In my covid alcoholic experimentation I tried something which just plain works
3 fingers of ice coffee (or 1-2 espresso shots)
1 small 7oz can of coke
Rum.
No doubt there already is a name for this.
I saw the news on TV today. The cities in US are under a heavy blanket of snow. If lived there, I´d spend the winter eating delicious hot food, just like the ones you are posting here, under a heavy eiderdown!
Be safe and warm!
easy there, my friend.
Cuba Libré is very colonizer lingo that is not uttered in these parts.
rum and cola with lime (key lime, obvs), is the drink.
the times I’ve been in Havana, one would be not well received asking for this and even some bars in Key West would give you stink eye.
also, actual Havana Club rum is shite and a mojito in Havana is fekkin gross.
Papa* would be verrry disappointed.
edit: though *Hemingway hated the Spanish and would himself, approve the Cuba Libré cocktail.
Good to know. I apologize.
I brew a mojito mead - just honey, lime zest, mint, water, and yeast. It often hits 17% ABV. It turns out yeast love fresh mint. Who knew?

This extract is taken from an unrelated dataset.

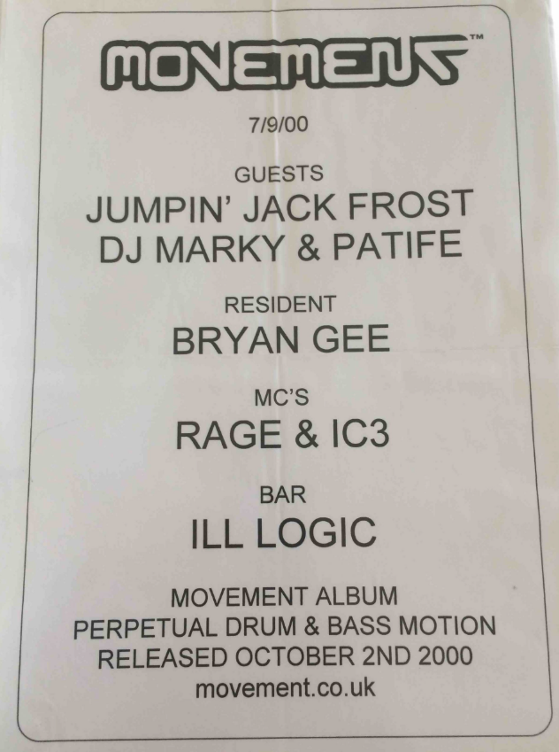 Em 1998, Patife e Adrian Harley colavam para Londres para conseguir autorização de uso do nome Movement, que era uma festa da Bulldozer, de Londres, mas que eles queriam usar o mesmo nome numa noite de Drum N Bass de quinta feira no Arena. Com uma fita VHS, os caras conseguiram mostrar o rolê brasileiro para um cara da Movement chamado Edo e claro que fecharam contrato do uso do nome. Isso não só permitiu que os caras colassem com o mesmo nome, mas também foi a porta de entrada para os DJs brasileiros serem conhecidos pelos ingleses e começarem a explorar mais universos além da periferia de São Paulo.

intrigued! that sounds delightful!
I made a test batch of marmalade with store-bought fruit yesterday. Half Meyer lemons, half regular (Eureka?) lemons, because the Meyer lemons were $$$$ and sparse. My homegrown Meyer lemons are a once-a-year harvest, and I wanted to see the difference.
Lessons learned:
- the Eureka lemons were a pain to prep because the peel has such thick pith behind it that you have to remove, and their flesh is harder to separate from the membranes. They contributed juice and zest, but not much fruit.
- the store-bought Meyer lemons were nice enough and easier to prep than the Eurekas, but the freshness difference between them and my homegrowns was noticeable in terms of the thickness of the zest, the juiciness, the amount of fruit flesh, all of it. (I grew some really nice citrus in 2020.)
- removing all that extra pith and not getting the expected fruit flesh from the Eureka lemons changed the sugar/fruit ratio because I didn’t weigh the fruit after prep, only before. Rookie mistake? This was a much sweeter batch, which is fine, I suppose.
I think I’ll stick to making marmalade from my own fruit for now, a special annual treat.
Other Cat “helping”
Smells like I’m baking a sweet potato pie
But, ha! I’m fooling everyone! I’m baking gingerbread cake, and baking a sweet potato on the side (and three Gold potatoes) to take advantage of the hot oven. Smells sooo goood!!
[It’s currently -3°F (-19°C) in Minneapolis. Windchill is -19°F (-28°C). The overnight low was -15°F (-26°C). I didn’t bother to leave the house today. Maybe tomorrow.]
Que tal Castro Cola?
This just in:
Second-night stew is better than first-night stew! (Actually, we’ve known this for a while now, but I just retested the hypothesis and it was correct.)
Now back to your previous programming.
Husband brews mead and that sounds delightful. What’s your recipe?
In a one-gallon carboy, I add:
-3 lbs local blackberry honey
-approximately 2 limes worth of zest. I don’t use the tiny confetti-type zester, I just use a vegetable peeler and put the strips in, avoiding pith; frozen overnight
-About 20 garden mint leaves; frozen overnight
-Lalvin 71B yeast, 1/2 packet
-water to top it off
I freeze the lime zest and mint to help bust all those cell walls. The yeast will form colonies directly on the mint leaves.
Here’s a photo from this summer, when I still used the fine zest and left the mint leaves on the stem. I’ve learned that the mint stems are very hard to remove.
Finished product:
Wow that’s terrific! Thank you for sharing.